Dans le document L'ÉTAT ET LES RISQUES DES ENTREPRISES (Page 116-119)

§ 1 La subsidiarité de l’action publique

B- Les conséquences de l’action non subsidiaire

106. Si les contraintes spécifiques résultant de l’application de la subsidiarité n’ont pas lieu d’être respectées par les pouvoirs publics (2°), il ne faut cependant pas en déduire que le respect du primat de la liberté économique ne leur soit pas imposé. Dès lors, un certain nombre de contraintes communes continuent de s’appliquer (1°).

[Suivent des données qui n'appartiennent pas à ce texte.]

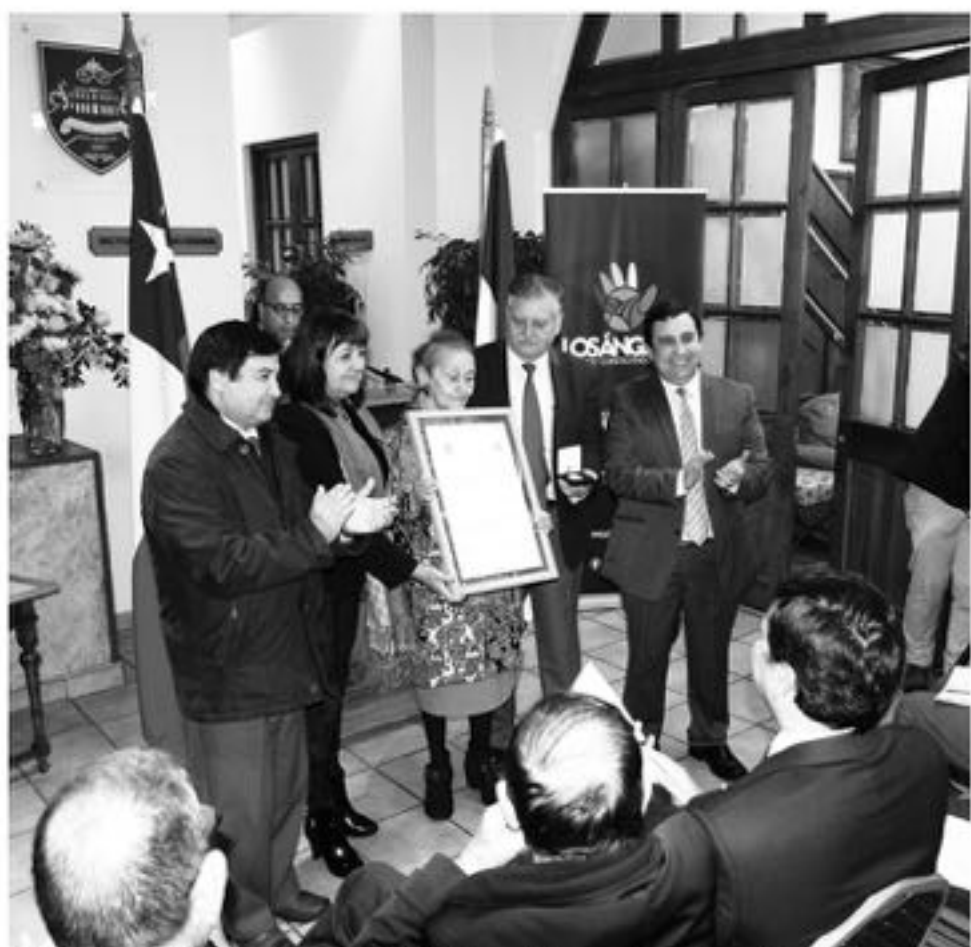
LA CEREMONIA DE RECONOCIMIENTO a ciudadanos destacados se llevó a cabo en el Club de La Unión de Los Ángeles.

Recordemos que esta ceremonia debía haberse desarrollado el lunes pasado, pero debió ser suspendida por las fuertes lluvias que azotaron la comuna durante ese día.

1° Les conséquences du respect de la liberté économique

107. Que le risque subi soit extérieur à l’action publique ou qu’il y trouve sa source, le respecte de la libre entreprise entraîne une limitation de l’intervention s’analysant en un devoir de non-intervention.

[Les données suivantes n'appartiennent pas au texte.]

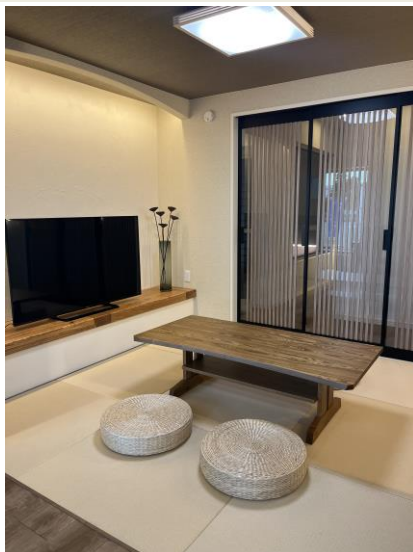
1階和室。木目が美しく成長サイクルが早い沖縄県産材のセンダンを棚板・座卓に使用

Dans le premier cas, en application de la notion de subsidiarité, la présomption de capacité des opérateurs face aux risques qu’ils sont susceptibles de subir impose aux pouvoirs publics de ne pas les priver de leur autonomie par des interventions excessives. Ce devoir de non-intervention laisse donc aux entrepreneurs la charge de supporter les risques qu’ils sont aptes à supporter. Cela se traduit par exemple par la nécessité de ne pas apporter d’aide inutile ni superflue aux entreprises, de ne pas s’immiscer dans la gestion des entreprises ou d’instaurer un système d’assistanat permanent.

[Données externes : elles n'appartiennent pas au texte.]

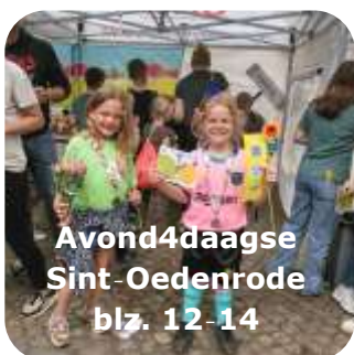
Avond4daagse Sint-Oedenrode blz. 12-14

Une partie de ce schéma est applicable dans l’hypothèse des risques que font courir les pouvoirs publics aux entreprises. Il en résulte que l’action publique ne peut avoir pour objet ni pour effet de remplacer l’entrepreneur dans la gestion des aléas qui s’imposent nécessairement à lui ou de s’immiscer dans la gestion de son activité lorsqu’elle tente de faire cesser les conséquences dommageables d’un risque. Elle ne peut en outre apporter d’aide inutile et superflue ne correspondant pas aux besoins ressentis par l’opérateur. Ainsi, lorsque sa responsabilité est engagée, ne peut-elle pas indemniser les préjudices causés au-delà de leur exacte valeur277.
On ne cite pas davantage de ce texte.